# API calls to retrieve data from the game endpoint of the NHL's stats API
## Three libraries needed for this one:
* Requests will be used to access the API itself.
* Json will parse the result and be used to manipulate and write said result to disk.
* Time is used to add time between API calls to reduce the amount of times the API connection is forced closed by host.

In [5]:
import requests
import json
import time

## Year_match function
Not all years have the same amount of games played. This is problematic because using a single number would either lead to a lot of useless API calls returning "Game data not found" or would leave out a significant amount of games that were played and were not queried.
General solution: The number of games played in a regular NHL season is the number of teams in the league in that season times 41 (82 game season/2 teams per game). There are two significant reasons that this does not apply to all seasons.
* Not all seasons are 82 games long. Examples: 
    * 2020 season shortened by COVID-19
    * 2012 season shortened by contract negotiations
    * 2019 season shortened unevenly by COVID-19
* Not all seasons exist
    * 2004-2005 season cancelled from contract negotiations

Solution: Check whether season exists (is greater than 1917 and is not 2004). If it does not exist, return 1. Check whether season has uneven number of games played (2019). If so, return specific amount of games played. For each year that exists and has an even amount of games played, reference https://statsapi.web.nhl.com/api/v1/seasons/{seasonID} to retrieve numberOfGames, then sum the number of entries in https://statsapi.web.nhl.com/api/v1/franchises for which seasonID is in range (firstSeasonID, lastSeasonID). Multiply these, divide by 2, and add 1 to return general match.

In [74]:
def year_match(year):
    if(year==2020):
        return 869 ##Covid-related lockdown shortened the season
    elif(year==2022):
        return 361  ##FIX ME! Hard coded with current (as of 11/29/2022 at noon CST) number of games played in
                    ##the current season; this should ideally be redone to be variable by the
                    ##current season (year if date > July, year-1 if date<July), get default value from max(
                    ##https://statsapi.web.nhl.com/api/v1/schedule[dates[0[games[range(0, len(games))[gamePK]]]]]). 
                    ##For days without games, iterate backward through ?date=today(ISO 8601) until games?
    elif(year==2012):
        return 721 ##Lockout-shortened year
    elif(year==2004):
        return 1 ##Year cancelled due to labor dispute
    elif(year>=2021):
        return 1313 ##32-team league means 1312 games. Heck yeah.
    elif(year>=2017):
        return 1272 ##31-team league means 1271 games.
    elif(year<2017):
        return 1231 ##30-team league means 1230 games.
    else:
        print("Please check your years and try again.")
        return null

## Game_pull function
### Retrieve games from the NHL API. 

Long timeout because I also got a couple of timeout errors.

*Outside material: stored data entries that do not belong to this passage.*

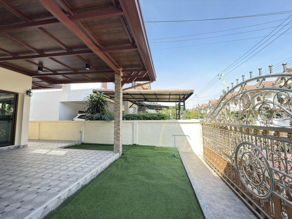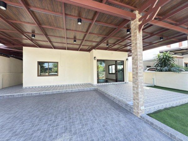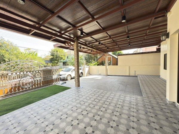 รอบบ้านปูกระเบื้อง ต่อเติมหลังคาหน้าบ้าน จอดรถได้ 2 คัน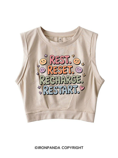 REST RESET RECHARGE RESTART SLEEVELESS CROP TOPS
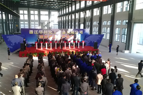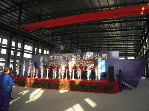 ? 2013年11月18日,由我公司全額投資的浙江華科化工設備有限公司舉行了竣工投產儀式。新廠區位于杭州西北部的安吉天子湖工業園,占地30畝,建筑面積1萬3千平方米。原蕭山寧圍鎮部隊農場內的工廠已整體搬遷至新廠區。我公司熱忱歡迎各界朋友和新老客戶蒞臨參觀指導。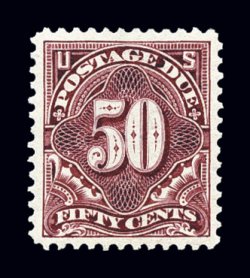 758 og J44 image#J44, 50c Deep claret, near perfect centering within extraordinarily wide margins, lovely rich color and a deeply etched impression, o.g., very lightly hinged, extremely fine; a remarkably scarce and challenging stamp to find in this gem quality; 1998 PF certificate and a 2006 PSE certificate (XF-Superb 95; SMQ $1,100.00); the highest grade assigned to this stamp by the PSE, being one of only two so graded. (Image) $425.00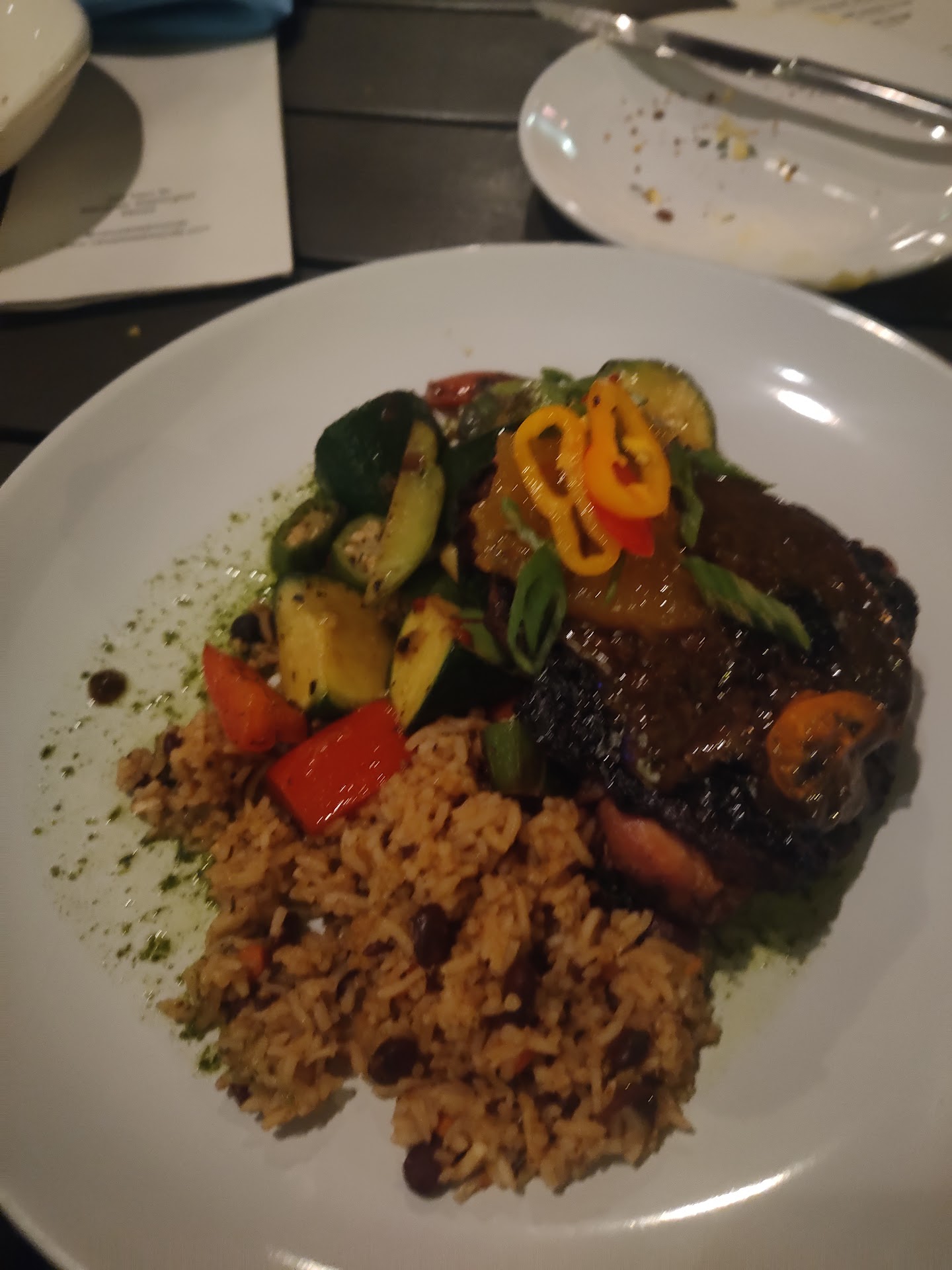 Lastly, I had the jerk chicken. It was delicious, It really was. But I'm a small person and I feel that it was too small of a portion for the price of $27 for one piece of chicken with bones in it. I was served about a tablespoon of beans and rice, which I mentioned to the server and then she brought some back in a little bowl. However after tasting it, Zatarain's beans and rice is about a thousand times better. This was some of the worst restaurant food (rice) I've ever had. If it's on the plate it should be edible that's the rule. Why would they serve this beans and rice?? I can't imagine serving it at any restaurant. It truly tasted as if it had been just sitting there all day, and it was served at room temp, no seasonings and dry.

Encoding for file output in utf-8 to deal with the copyright symbol in every single response.

Print statement ends in a carriage return to overwrite the current line instead of making a very tall and mostly useless stack of outputs.

Extremely long sleep here, kept getting connections reset with shorter sleeps.




In [19]:
def game_pull(yearStart, yearEnd):
    # This loop iterates through the years starting from the yearStart variable until the yearEnd variable
    for i in range(yearStart, yearEnd):
        # This loop iterates through the games in a given year
        for j in range(1, year_match(i)):
            # Calculate the gameID by concatenating the year and game number
            gameID = i*1000000 + 20000 + j
            # Construct the API endpoint using the gameID
            endpoint = f'https://statsapi.web.nhl.com/api/v1/game/{gameID}/feed/live'
            # Make a request to the API and get the game data in JSON format
            game = requests.get(endpoint, timeout=30).json()
            # Write the game data to a file named "game_" followed by the gameID
            with open("./games/game_"+str(gameID)+".json", "w", encoding='utf-8') as outfile:
                json.dump(game, outfile, ensure_ascii=False, indent=4, sort_keys=True)
            # Print the gameID to show progress and include a return character to overwrite the line on each iteration
            print(gameID, end="\r")
            # Sleep for 15 seconds to avoid overloading the API with requests
            time.sleep(15)

Same as above cell, but this one adds a second copy of the loop to deal with situations where you're cut off in the middle of a batch of requests.

In [28]:
# This function pulls game data from the NHL API and saves it to a file
def game_pull_resumed(yearReached, yearEnd, numberReached):
    # Loop through all the games in the specified range
    for j in range(numberReached, year_match(yearReached)):
        # Calculate the game ID using the year and game number
        gameID = yearReached*1000000 + 20000 + j
        
        # Construct the API endpoint for the game
        endpoint = f'https://statsapi.web.nhl.com/api/v1/game/{gameID}/feed/live'
        
        # Make a request to the endpoint and get the game data
        game = requests.get(endpoint, timeout=30).json()
        
        # Save the game data to a file
        with open("./games/game_"+str(gameID)+".json", "w", encoding='utf-8') as outfile:
            json.dump(game, outfile, ensure_ascii=False, indent=4, sort_keys=True)
        
        # Print the game ID to the console
        print(gameID, end="\r")
        
        # Sleep for 15 seconds
        time.sleep(15)
    # Continue above cell, starting at the next full year.
    for i in range(yearReached+1, yearEnd):
        for j in range(1, year_match(i)):
            gameID = i*1000000 + 20000 + j
            endpoint = f'https://statsapi.web.nhl.com/api/v1/game/{gameID}/feed/live'
            game = requests.get(endpoint, timeout=30).json()
            with open("./games/game_"+str(gameID)+".json", "w", encoding='utf-8') as outfile:
                json.dump(game, outfile, ensure_ascii=False, indent=4, sort_keys=True)
            print(gameID, end="\r")
            time.sleep(15)

In [34]:
game_pull(2012, 2021)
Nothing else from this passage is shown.